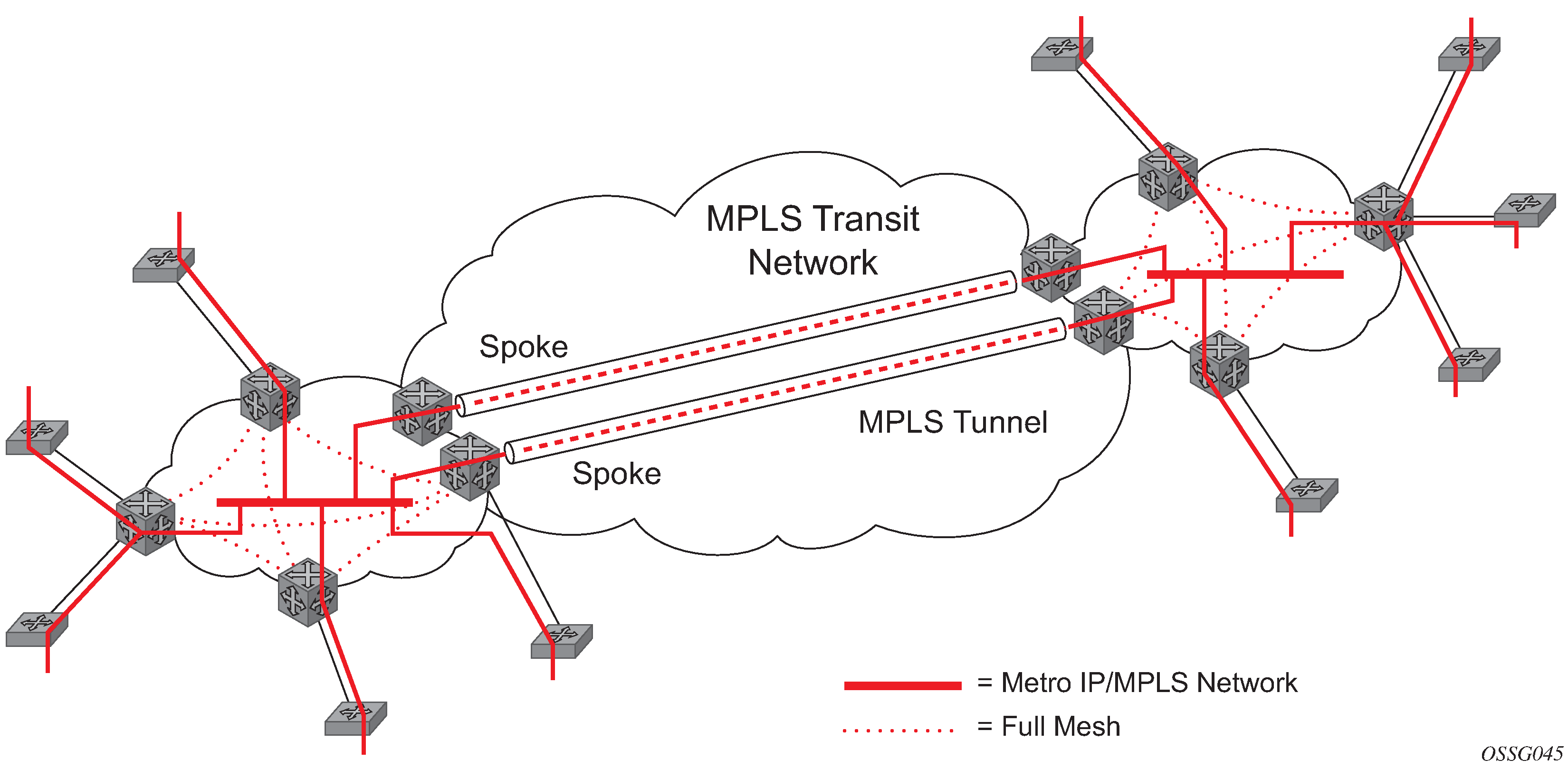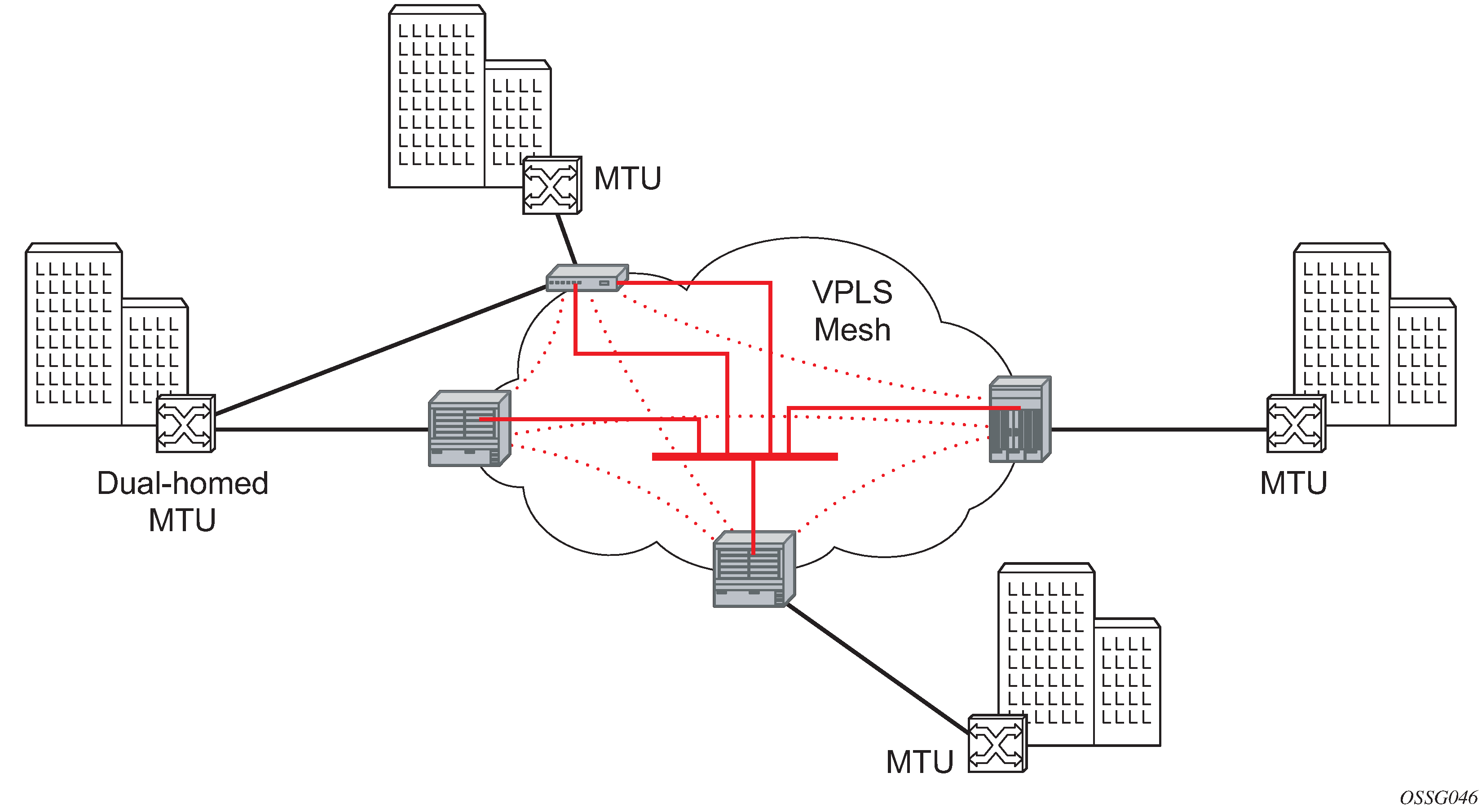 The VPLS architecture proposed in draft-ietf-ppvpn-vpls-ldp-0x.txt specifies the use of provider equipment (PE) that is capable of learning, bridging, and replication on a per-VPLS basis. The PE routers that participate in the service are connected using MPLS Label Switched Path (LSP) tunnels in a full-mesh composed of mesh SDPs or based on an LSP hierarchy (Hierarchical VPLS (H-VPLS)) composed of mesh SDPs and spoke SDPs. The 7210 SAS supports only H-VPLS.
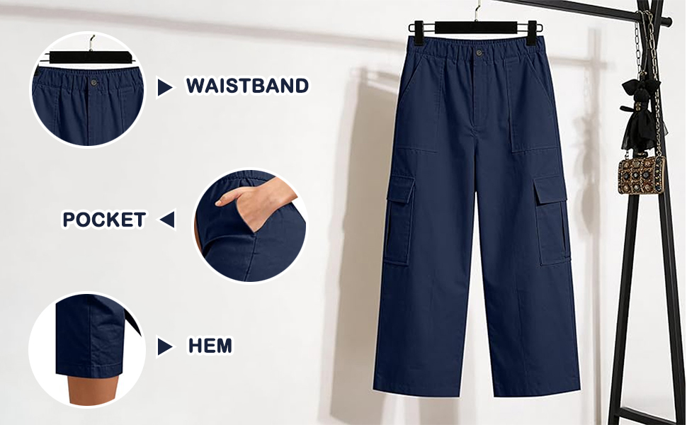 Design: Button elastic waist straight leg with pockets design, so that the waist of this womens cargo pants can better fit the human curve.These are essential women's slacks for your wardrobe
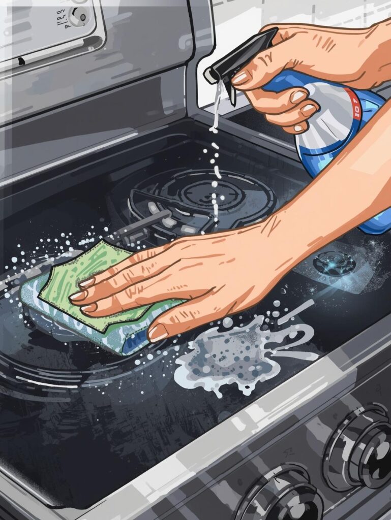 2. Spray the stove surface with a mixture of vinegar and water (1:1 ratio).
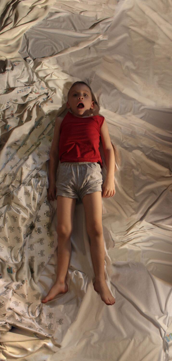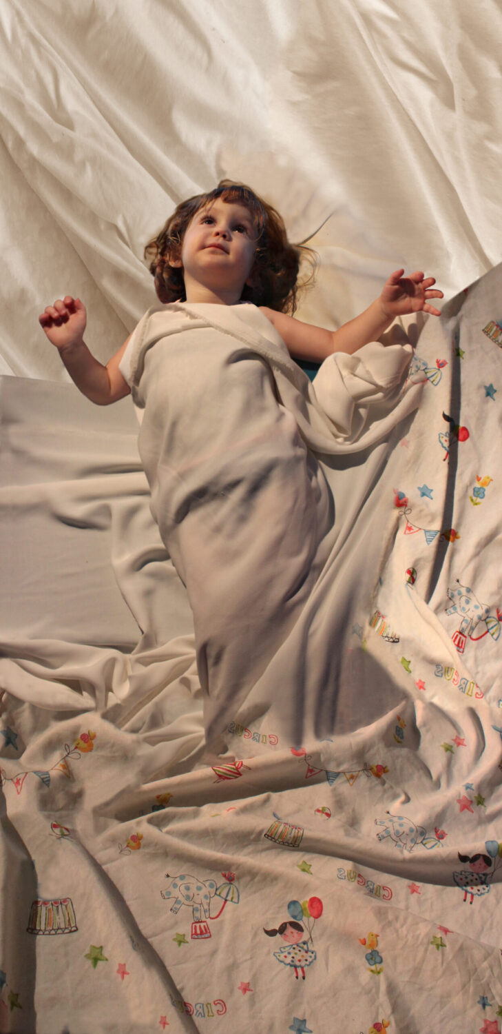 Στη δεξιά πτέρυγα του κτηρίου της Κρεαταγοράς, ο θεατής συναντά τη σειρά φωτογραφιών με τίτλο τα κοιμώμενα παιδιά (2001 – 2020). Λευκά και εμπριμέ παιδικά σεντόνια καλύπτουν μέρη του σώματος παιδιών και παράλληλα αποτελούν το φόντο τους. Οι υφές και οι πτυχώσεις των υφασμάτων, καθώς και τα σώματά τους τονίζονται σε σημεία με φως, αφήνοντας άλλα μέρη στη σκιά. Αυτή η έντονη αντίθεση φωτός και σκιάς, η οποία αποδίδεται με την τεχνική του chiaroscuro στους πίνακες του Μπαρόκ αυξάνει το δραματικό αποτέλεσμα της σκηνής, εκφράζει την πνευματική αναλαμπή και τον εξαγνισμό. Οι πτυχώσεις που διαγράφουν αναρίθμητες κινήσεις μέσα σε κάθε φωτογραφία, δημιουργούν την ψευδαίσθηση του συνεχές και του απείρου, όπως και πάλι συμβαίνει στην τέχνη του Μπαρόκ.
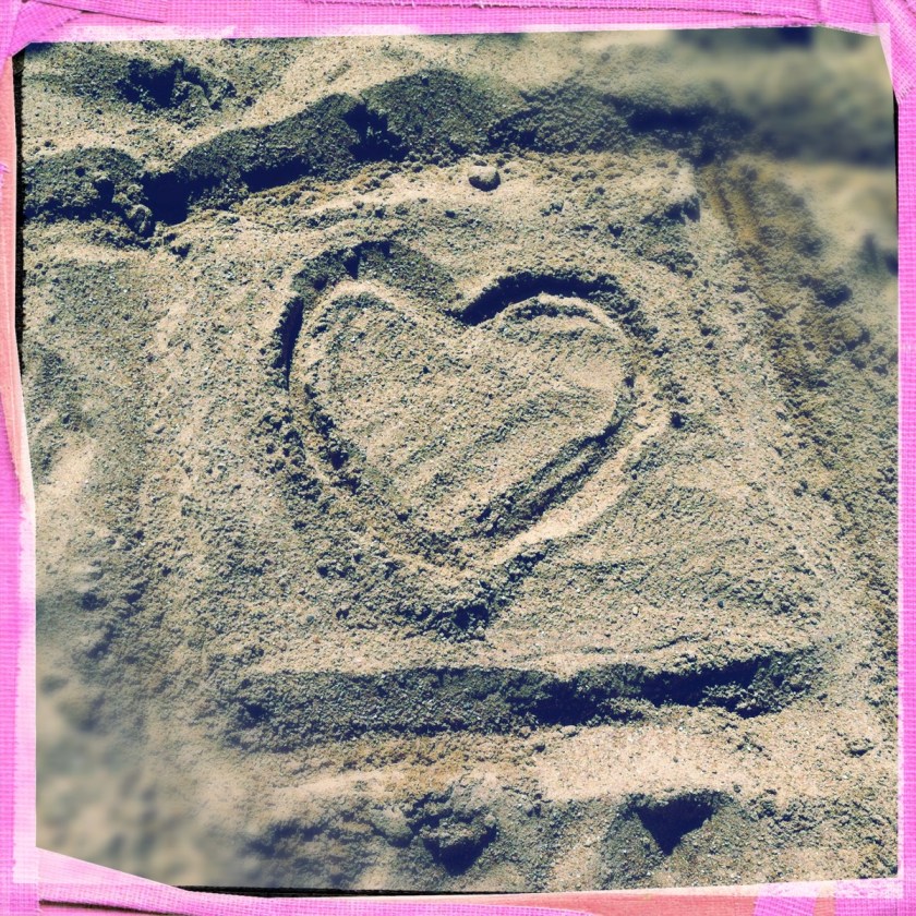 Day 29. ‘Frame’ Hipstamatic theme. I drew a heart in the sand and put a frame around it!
::::::::::
WHAT THIS TASK INVOLVES
Write out all the records exactly, omitting the images.

SOLUTION FOR THIS EXERCISE
 The VPLS architecture proposed in draft-ietf-ppvpn-vpls-ldp-0x.txt specifies the use of provider equipment (PE) that is capable of learning, bridging, and replication on a per-VPLS basis. The PE routers that participate in the service are connected using MPLS Label Switched Path (LSP) tunnels in a full-mesh composed of mesh SDPs or based on an LSP hierarchy (Hierarchical VPLS (H-VPLS)) composed of mesh SDPs and spoke SDPs. The 7210 SAS supports only H-VPLS.
 Design: Button elastic waist straight leg with pockets design, so that the waist of this womens cargo pants can better fit the human curve.These are essential women's slacks for your wardrobe
 2. Spray the stove surface with a mixture of vinegar and water (1:1 ratio).
 Στη δεξιά πτέρυγα του κτηρίου της Κρεαταγοράς, ο θεατής συναντά τη σειρά φωτογραφιών με τίτλο τα κοιμώμενα παιδιά (2001 – 2020). Λευκά και εμπριμέ παιδικά σεντόνια καλύπτουν μέρη του σώματος παιδιών και παράλληλα αποτελούν το φόντο τους. Οι υφές και οι πτυχώσεις των υφασμάτων, καθώς και τα σώματά τους τονίζονται σε σημεία με φως, αφήνοντας άλλα μέρη στη σκιά. Αυτή η έντονη αντίθεση φωτός και σκιάς, η οποία αποδίδεται με την τεχνική του chiaroscuro στους πίνακες του Μπαρόκ αυξάνει το δραματικό αποτέλεσμα της σκηνής, εκφράζει την πνευματική αναλαμπή και τον εξαγνισμό. Οι πτυχώσεις που διαγράφουν αναρίθμητες κινήσεις μέσα σε κάθε φωτογραφία, δημιουργούν την ψευδαίσθηση του συνεχές και του απείρου, όπως και πάλι συμβαίνει στην τέχνη του Μπαρόκ.
 Day 29. ‘Frame’ Hipstamatic theme. I drew a heart in the sand and put a frame around it!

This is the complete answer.